PROVIDED MATERIAL.
--*--

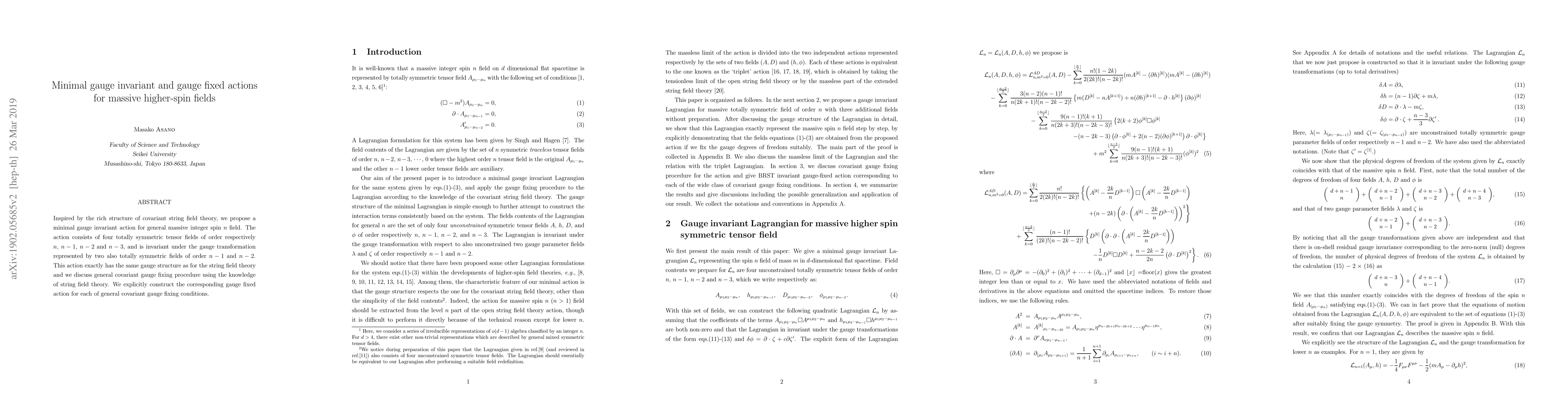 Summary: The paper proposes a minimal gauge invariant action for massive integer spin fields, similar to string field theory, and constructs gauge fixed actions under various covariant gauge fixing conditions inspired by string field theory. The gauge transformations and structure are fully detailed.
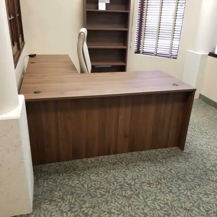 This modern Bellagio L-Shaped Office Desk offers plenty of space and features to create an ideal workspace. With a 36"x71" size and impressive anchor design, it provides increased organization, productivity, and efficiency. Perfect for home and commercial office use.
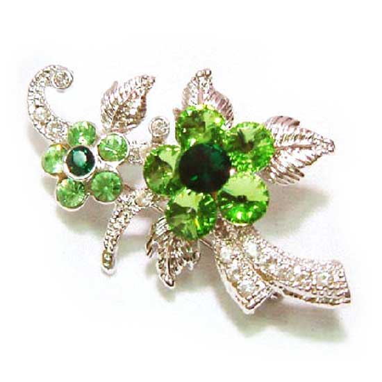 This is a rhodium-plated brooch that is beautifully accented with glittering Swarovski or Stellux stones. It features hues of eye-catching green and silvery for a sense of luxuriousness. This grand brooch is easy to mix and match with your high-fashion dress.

--*--

TASK PROMPT.
All lines from the line containing "This modern Bellagio" through the end of the listing above are to be given again exactly; pictures are not part of the copy.

TASK SOLUTION.
 This modern Bellagio L-Shaped Office Desk offers plenty of space and features to create an ideal workspace. With a 36"x71" size and impressive anchor design, it provides increased organization, productivity, and efficiency. Perfect for home and commercial office use.
 This is a rhodium-plated brooch that is beautifully accented with glittering Swarovski or Stellux stones. It features hues of eye-catching green and silvery for a sense of luxuriousness. This grand brooch is easy to mix and match with your high-fashion dress.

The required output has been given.